9.2 Several of SENTINALCO’s products are designated by a brand. If those products are transformed or mixed with other components as composed or added elements, the aforesaid brands shall in no way be able to be used without SENTINALCO’s specific consent in writing. Delivery under a brand name shall not be able to be regarded as agreement on SENTINALCO’s part for the use thereof for the products manufactured by the Purchaser.
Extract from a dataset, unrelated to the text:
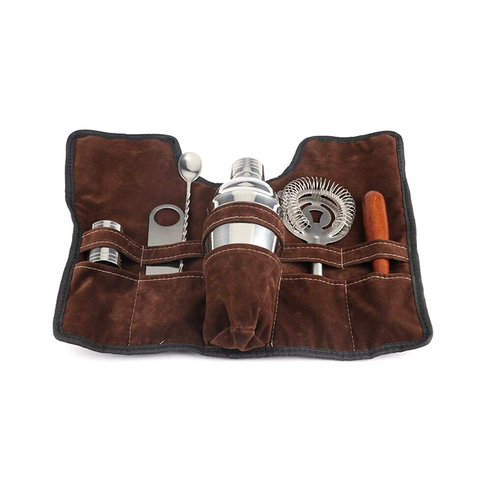 Bartender Bag for Cocktail Shaker Set, Messenger Bag with Padded Compartments for Travel Bartender Kit, Portable Tool Bag Perfect for Cocktail Stirrers and Bar Shakers (Brown)

Agreement to use SENTINALCO’s brands supposes the Purchaser’s compliance with their conditions of use.

10. End of the Contract

10.1. In the event that the Purchaser should fail to comply with these conditions, he, she or it hereby formally accepts that SENTINALCO shall be able to delay or to suspend all deliveries and even that it shall be able to cancel orders or terminate the purchase contract.
10.2. In that case, SENTINALCO shall also be able to retain all the amounts already paid by the Purchaser, these amounts being used as compensation as partial payment of the damages.

11. Language

11.1. The fact that the Purchaser does not receive these General Conditions in his, her or its mother tongue does not release him, her or it from his, her or its obligations.

12. Jurisdiction and Applicable Law

12.1. These General Conditions are governed by Belgian law. The Customer hereby formally renounces the application of the United Nations’ Convention on international sales contracts relating to movable goods.
12.2. The Belgian courts shall have exclusive jurisdiction for hearing possible disputes.